Principle:CARLA simulator Carla Sensor Placement Geometry
| Knowledge Sources | |
|---|---|
| Domains | Simulation, Perception, Sensor_Fusion |
| Last Updated | 2026-02-15 00:00 GMT |
Overview
Sensor placement geometry defines the 3D rigid body transformation (position and orientation) that specifies where a sensor is mounted relative to its parent actor's reference frame.
Description
Every sensor in CARLA is spawned at a specific pose defined by a Transform object, which combines a Location (x, y, z translation in meters) and a Rotation (pitch, yaw, roll in degrees). When a sensor is attached to a vehicle, these coordinates are relative to the vehicle's local reference frame, where:
- x-axis points forward (positive = front of vehicle)
- y-axis points right (positive = right side)
- z-axis points up (positive = above vehicle)
The rotation follows the Unreal Engine convention:
- Pitch: rotation around the y-axis (positive = nose up)
- Yaw: rotation around the z-axis (positive = clockwise from above)
- Roll: rotation around the x-axis (positive = right side down)
Correct sensor placement is critical because the transform determines the sensor's field of view coverage, the coordinate system of its output data, and the extrinsic calibration parameters needed for multi-sensor fusion.
Usage
Sensor placement geometry is defined whenever spawning a sensor and attaching it to a vehicle or other actor. Common mounting configurations include:
- Forward-facing camera: Mounted on the roof or windshield area, looking ahead.
- Surround cameras: Multiple cameras at different yaw angles for 360-degree coverage.
- Roof-mounted LiDAR: Centered on the roof for unobstructed 360-degree scanning.
- Front radar: Low mounting behind the front bumper.
- GNSS/IMU: Typically at the vehicle's center of gravity.
Theoretical Basis
3D Rigid Body Transformations: A sensor's pose in 3D space is described by a rigid body transformation belonging to the Special Euclidean group SE(3).
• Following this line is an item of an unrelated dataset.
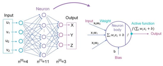 A back propagation (BP) neural network, which is skilled in dealing with systems that are difficult to describe with an accurate mathematical model, has been widely incorporated into the binocular vison systems to deal with non-linearity factors [,,]. Wang et al. built a high precision binocular vision localization system using a back propagation (BP) neural network []. As shown in Figure 5, the dual-PSD readings and are used as the input values, then the target coordinates can be obtained from the output of the BP neural network. Genetic algorithm (GA) is also used to provide optimized initial parameters as the starting point of BP iteration process. The final BP neural network has a three-layer network structure with a single hidden layer consisting of 11 neurons. After being trained by Levenberg-Marquardt optimization method, the BP neural network can measure the target with an accuracy of 1.66 mm within motion space range to 300 × 300 × 200 mm3.

This transformation is composed of a rotation R in SO(3) and a translation t in R^3. In homogeneous coordinates, the 4x4 transformation matrix is:
T = [ R t ]
[ 0 1 ]
CARLA decomposes R into Euler angles (pitch, yaw, roll) using the Tait-Bryan convention (intrinsic ZYX). The Location provides the translation vector t.
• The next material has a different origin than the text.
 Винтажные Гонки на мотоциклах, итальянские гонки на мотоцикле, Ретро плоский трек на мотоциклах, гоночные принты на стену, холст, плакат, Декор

Extrinsic Calibration: In sensor fusion, the transform between any two sensors defines their extrinsic calibration. Given sensor A at transform T_A and sensor B at transform T_B (both relative to the vehicle), the transformation from B's frame to A's frame is T_A_inv * T_B. This is essential for projecting LiDAR points into camera images or fusing radar detections with visual data.
Reference Frame Hierarchy: CARLA uses a hierarchical reference frame system. When a sensor is attached to a vehicle, its world-space transform is the composition of the vehicle's world transform and the sensor's local transform: T_world_sensor = T_world_vehicle * T_vehicle_sensor. This composition is computed automatically by the engine, but understanding it is necessary for interpreting sensor data in world coordinates.
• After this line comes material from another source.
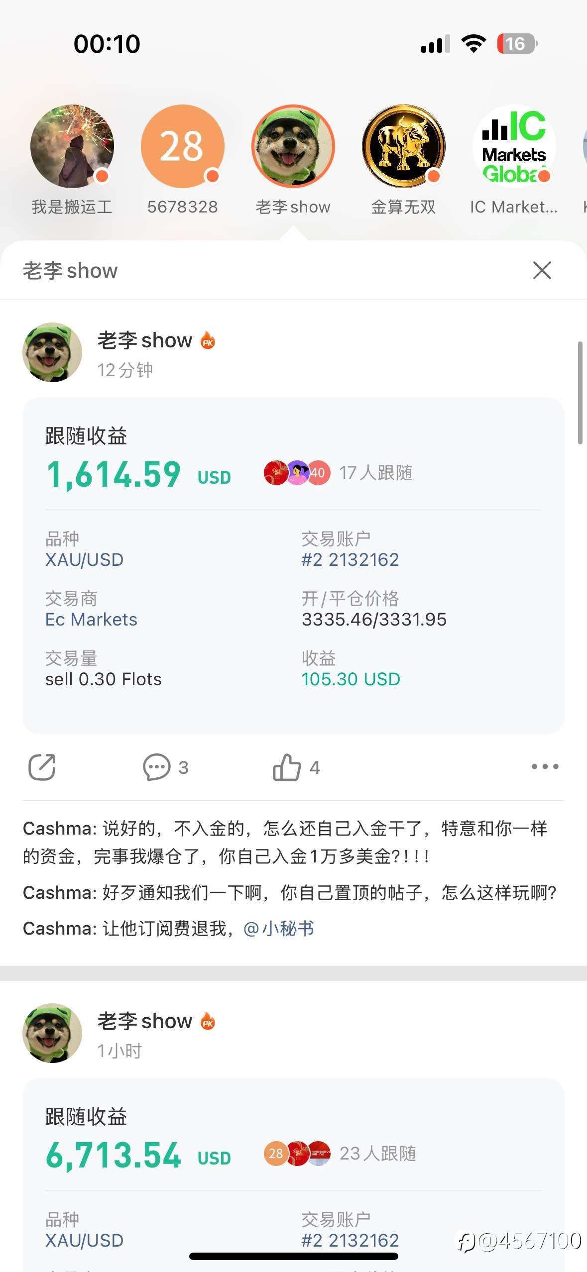 4567100 07 Jun 2025, 00:13 · 阅读量 346 关注 都是高手,偷摸的自己 入金,跟他单的基本全军覆没了,大家要小心! 风险提示:本文所述仅代表作者个人观点,不代表 Followme 的官方立场。Followme 不对内容的准确性、完整性或可靠性作出任何保证,对于基于该内容所采取的任何行为,不承担任何责任,除非另有书面明确说明。 赞赏作者 喜欢的话,赞赏支持一下

Field of View Coverage: The sensor's orientation directly determines its coverage volume. For a camera with horizontal FOV theta, the visible region forms a frustum. For a LiDAR with vertical FOV from lower_fov to upper_fov and 360-degree horizontal scanning, the coverage is a hollow cone. Placement geometry must be chosen to maximize coverage of the region of interest while minimizing occlusion by the vehicle body.